Computing Applications

Defending the Enterprise

There are limitless possibilities in the chaos experiments you can run, since the results of one test will lead to more questions and further testing.

Cyberattacks bring turbulence and disruption, leaving unpredictable and chaotic system failures in their wake. Organizations using cybersecurity chaos experiments simulate cyber events to uncover deficits in their cyber-elasticity. Test results lead developers and engineers to repair or rearchitect applications and supporting infrastructure for security and continuity under trial.

In the context of cybersecurity, chaos is any security failure that can happen, says Kelly Shortridge, senior principal product technologist, Fastly, an edge cloud platform provider. "Security chaos testing is the practice of continual experimentation to verify that systems operate as we think to improve their resilience to attack," explains Shortridge.

"Cybersecurity chaos engineering is resiliency testing adopted to combat the ever-changing threat landscape. Chaos engineering applies new threats to systems to see what happens to an ecosystem if components fail," says Doug Saylors, partner and co-lead, cybersecurity, for ISG, a global technology research and advisory firm. "Running a penetration test or attack simulation with a zero-day exploit is the most common method of chaos testing in cybersecurity," notes Saylors.

Web applications, distributed systems, and network infrastructure, including infrastructure-as-code, break under the pressure of attacks that bring chaos. "Systems have varying response characteristics depending on the type of attack. Applications stop working or provide erroneous outputs that have downstream effects. Network and infrastructure components see significant performance spikes, which affect users negatively through increased latency or limited access to critical applications," says Saylors.

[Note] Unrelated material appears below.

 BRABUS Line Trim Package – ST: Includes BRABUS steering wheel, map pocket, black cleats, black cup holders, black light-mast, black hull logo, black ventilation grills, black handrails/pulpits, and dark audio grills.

Criminal hackers are willing to cause chaos to get to the underlying data, says Jenn Bergstrom, senior technical director for Parsons X; they hope you are not monitoring closely enough to quickly notice the signs, such as packet loss. Parsons X is a group within Parsons, a digitally-enabled solutions provider. "Packet loss may happen because they send a jumbo packet with an embedded command that will affect your database. So, the chaos is more of a side effect of what they are doing," says Bergstrom.

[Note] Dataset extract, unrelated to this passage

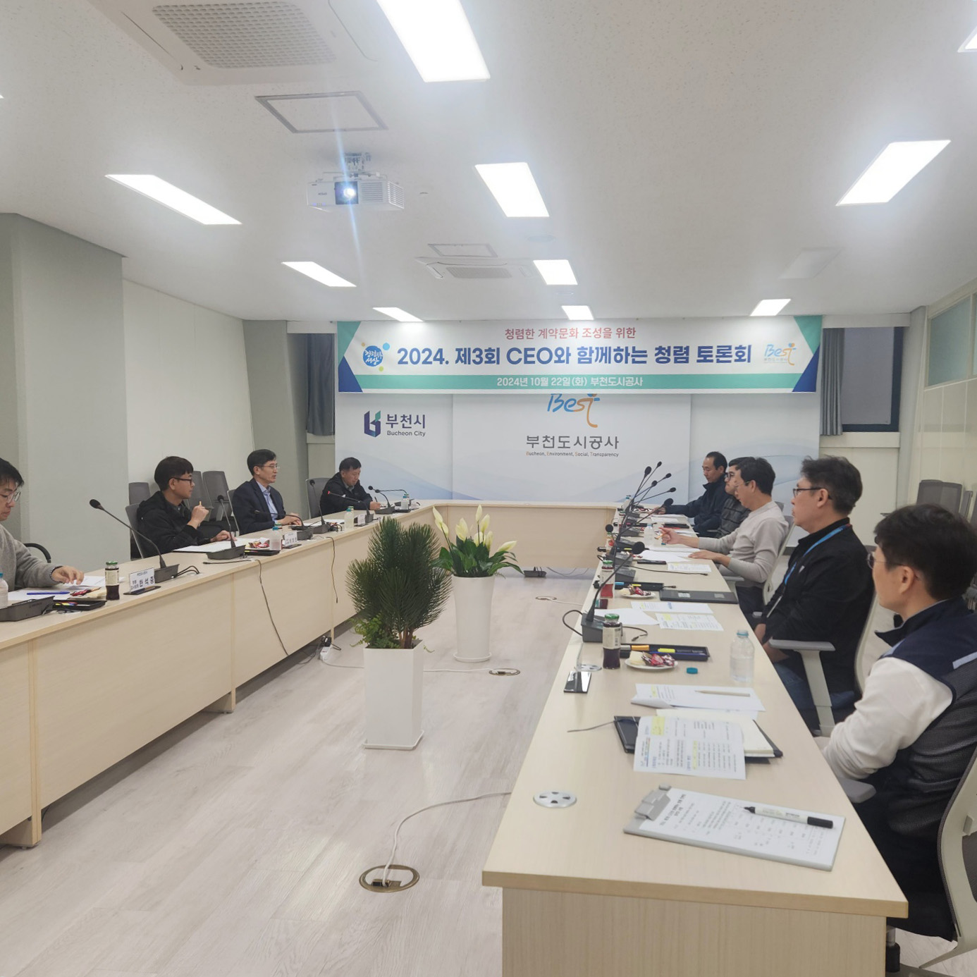 CEO와 함께하는 청렴계약토론회 작성자 최** 등록일자 2024년 10월 22일 11시 27분 19초 조회 200 청렴계약토론회 단체사진.jpg [ Size : 350.33KB , Down : 152 ] 미리보기 다운로드 청렴계약토론회 토론 모습.jpg [ Size : 327.34KB , Down : 173 ] 미리보기 다운로드 목록보기

"It's important to see how your system behaves" under such circumstances, "so you see those minor differences between standard behavior and the unexpected," says Bergstrom.

Specific attacks create lots of chaos. "The main attack space for security chaos is ransomware, even though its goal is to make money," says Shortridge. However, ransomware causes more security failures than encrypting critical data. It locks enterprises out of systems and machines, and leads to downtime until an organization pays the ransom or restores from backups

Ransomware attacks are resource-intensive, requiring network bandwidth, CPU cycles, and hard drive operations to encrypt many files quickly, completing an attack before the organization has time to stop it. Ransomware can take down entire networks. It can encrypt all backups before proceeding to production data to ensure the organization cannot restore it. Any services that count on that data come to a halt. Any software with dependencies on those services suffers, and those operations cease or falter. Cybersecurity chaos experiments must evolve to meet the challenges of modern ransomware.

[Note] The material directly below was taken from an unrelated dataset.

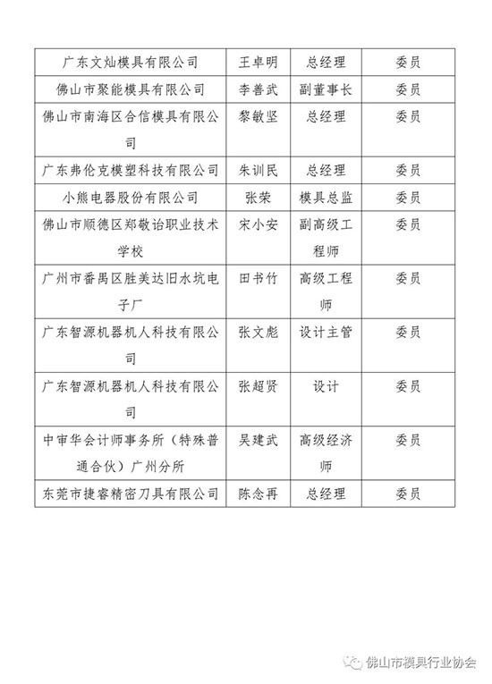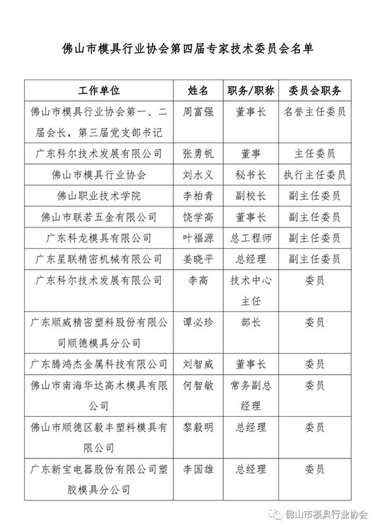 附:佛山市模具行業(yè)協(xié)會第四屆專家技術(shù)委員會名單

There are disruptive cyberattacks of a more significant concern than ransomware. "The most worrisome of modern cyberattacks with the most chaotic outcomes is an IoT attack rendering thousands of medical devices and even implants to work improperly or not at all," says Michael Nizich,  director, Entrepreneurship & Technology Innovation Center and Cyber Defense Education at New York Institute of Technology.

There are limitless possibilities in the chaos experiments you can run, since the results of one test will lead to more questions and further testing. For example, chaos experiments reveal hidden dependencies that frustrate systems under attack. As Shortridge explains, "if you're conducting a chaos experiment and you see a sudden flood of API requests as the new unit pricing microservice slows, and you can duplicate the experiment with the same results, you realize there is a dependency and perhaps some shared infrastructure or orchestration service in place." The resulting questions include how and why the APIs and services are connected, what happens to them under different attack scenarios, and how you can make them more nimble under the force of these stressors. 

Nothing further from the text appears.